Archives au présent : Colette Nys-Mazure



Dans le cadre de la campagne @lisezvouslebelge, le cycle Archives au présent met en lumière des écrivains et écrivaines qui ont choisi de confier leurs archives aux Archives et Musée de la Littérature. À travers quatre questions, ils et elles témoignent de ce geste de transmission : faire de la mémoire individuelle une part vivante du patrimoine littéraire collectif, et montrer comment les archives nourrissent, aujourd’hui encore, la création et la lecture.
Qu’est-ce qui vous a donné envie de confier vos archives : le désir de laisser une trace, de transmettre, ou autre chose encore ?
Je n’y avais pas pensé mais j’ai été heureuse lorsque Christophe Meurée me l’a proposé en 2021. Le désir de laisser une trace sans doute ; participer à la vitalité des Lettres de Belgique à laquelle je collabore modestement ; faciliter le travail de chercheurs, de projets d’exposition. Ne pas égarer ni perdre mais disposer de documents classés.
Quels types de documents avez-vous confiés aux AML, et comment avez-vous choisi ce qui devait y figurer ?
J’avoue ne pas être très ordonnée ni narcissique. J’ai livré en vrac lettres d’écrivains, photos, affiches, livres d’artistes, manuscrits, traductions, critiques littéraires, ouvrages dédicacés, conférences, articles, que j’ai publiés ou me concernant, déplacements à l’étranger liés à mes écrits, notre littérature… Choix très spontané. Envie de représenter la diversité de mes centres d’intérêt et des rencontres.
Si vous deviez placer une seule pièce de vos archives dans une capsule temporelle qui serait rouverte dans cent ans, laquelle choisiriez-vous ?
Cela me semble prétentieux d’imaginer qu’on se souviendra de moi. Ce serait plutôt un bouquet de lettres de poètes que j’admire et qui ont eu la bonté de m’écrire ou de m’offrir un poème, tels François Cheng, Andrée Chedid, André Schmitz, Charles Juliet… Ou alors quelques étapes de la rédaction d’un hommage à un écrivain – Sylvie Germain ou Le Clezio, que j’ai assuré pour les Cahiers de l’Herne, qui témoigneraient de mon admiration à leur égard, de mon souci de peaufiner mes textes.
Que signifie pour vous l’acte de déposer vos archives dans une institution œuvrant à la mémoire des lettres francophones belges telle que les AML ?

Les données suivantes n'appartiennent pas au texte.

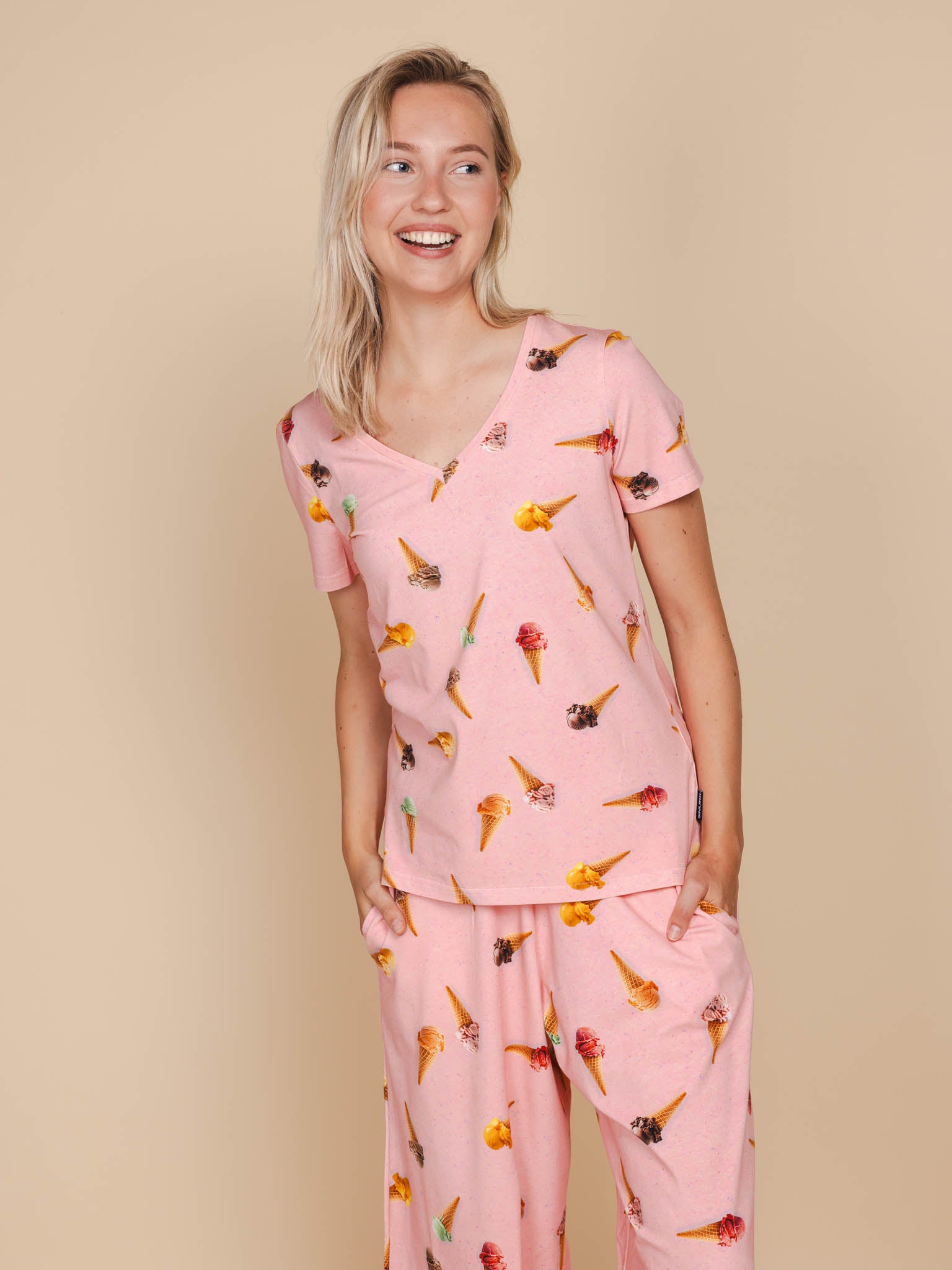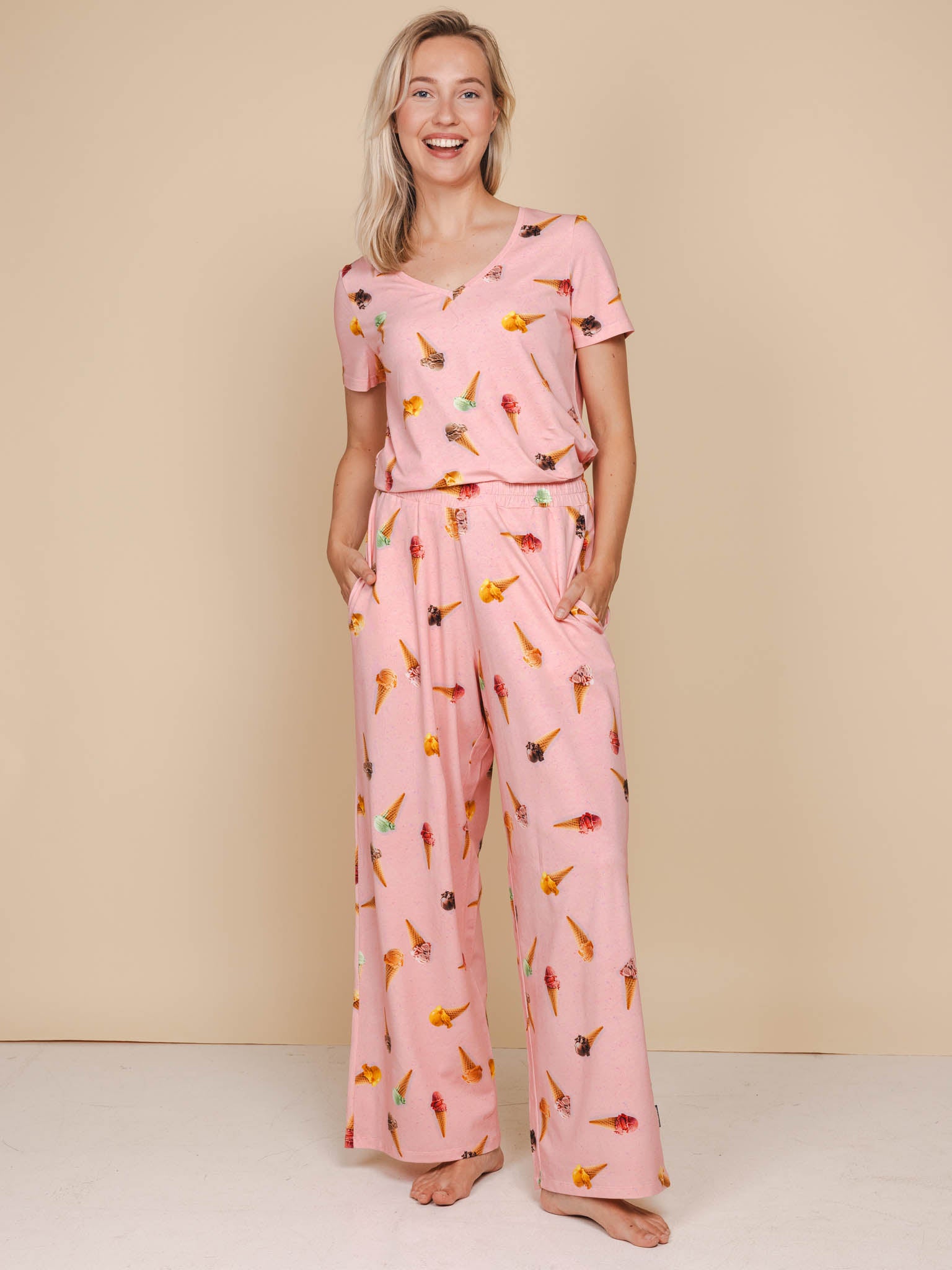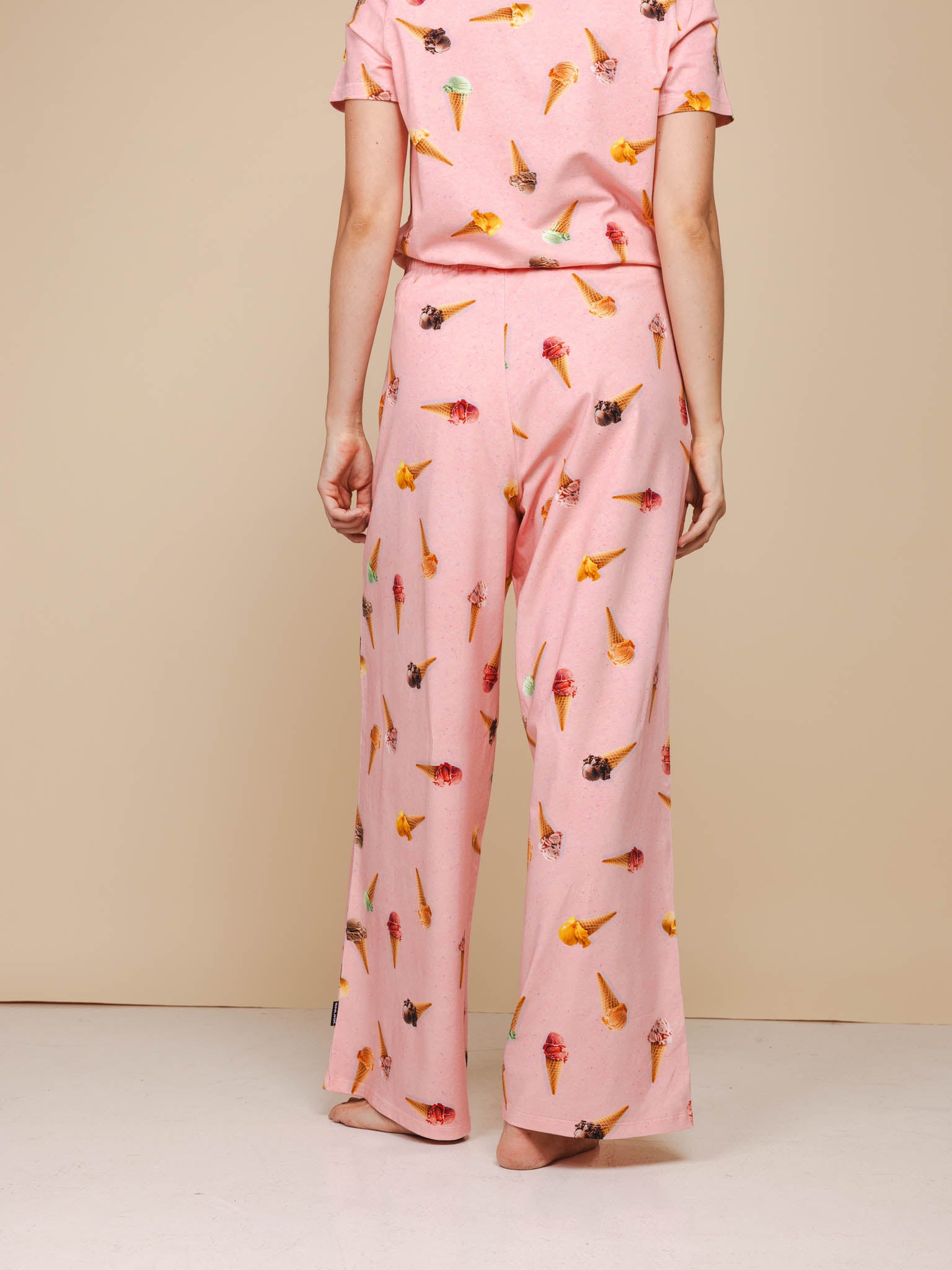Room for ice cream? Five generous Italian scoops stacked life-size on your shirt – almost good enough to taste. For trousers and dresses, we added a playful flying cone pattern on warm pink. Warning: may cause cravings.

Acte de confiance dans une institution investie du soin de faire rayonner les lettres de notre pays ; sentiment de reconnaissance à l’égard de ce travail essentiel ; conscience d’une action en correspondances. Je ne voudrais pas laisser s’effacer des visages de rencontre essentielle, des noms qui ont enchanté mon existence, des écritures qui ont joué sur la mienne. Et aussi le désir d’alléger la charge de nos enfants au moment de ma mort tout en leur offrant l’accès à ce qui compte pour moi !
Colette Nys-Mazure, écrivaine et poète née à Wavre en 1939 et vivant à Tournai, est philologue de formation et a été professeure de Lettres. Très active dans la transmission littéraire, elle a publié de nombreux recueils poétiques (Feux dans la nuit, Le Jour coude-à-coude, À main levée, Chaque aurore te restera première), ainsi que des nouvelles (Tu n’es pas seul, Albin Michel), des romans (Perdre pied, Desclée de Brouwer ; Anna, Weyrich) et plusieurs essais (Célébration du quotidien, Secrète présence, La chair du poème, L’Enfant neuf, La Vie poétique, j’y crois, Cette obscure clarté).
Elle écrit aussi pour la jeunesse autour de la peinture — notamment Quand tu aimes, il faut partir (Invenit) — et collabore régulièrement avec des artistes. Son œuvre, traduite dans de nombreuses langues, circule en Europe, en Amérique du Nord et au Mexique.
Récompensée à maintes reprises (prix Max Pol Fouchet, Charles Plisnier, du Bellay…), elle a reçu le prix Yves Cosson, la mention spéciale 2023 d’Écritures et Spiritualités pour l’ensemble de son œuvre, ainsi que le prix Léon-Paul Fargue en 2024 pour Sans crier gare.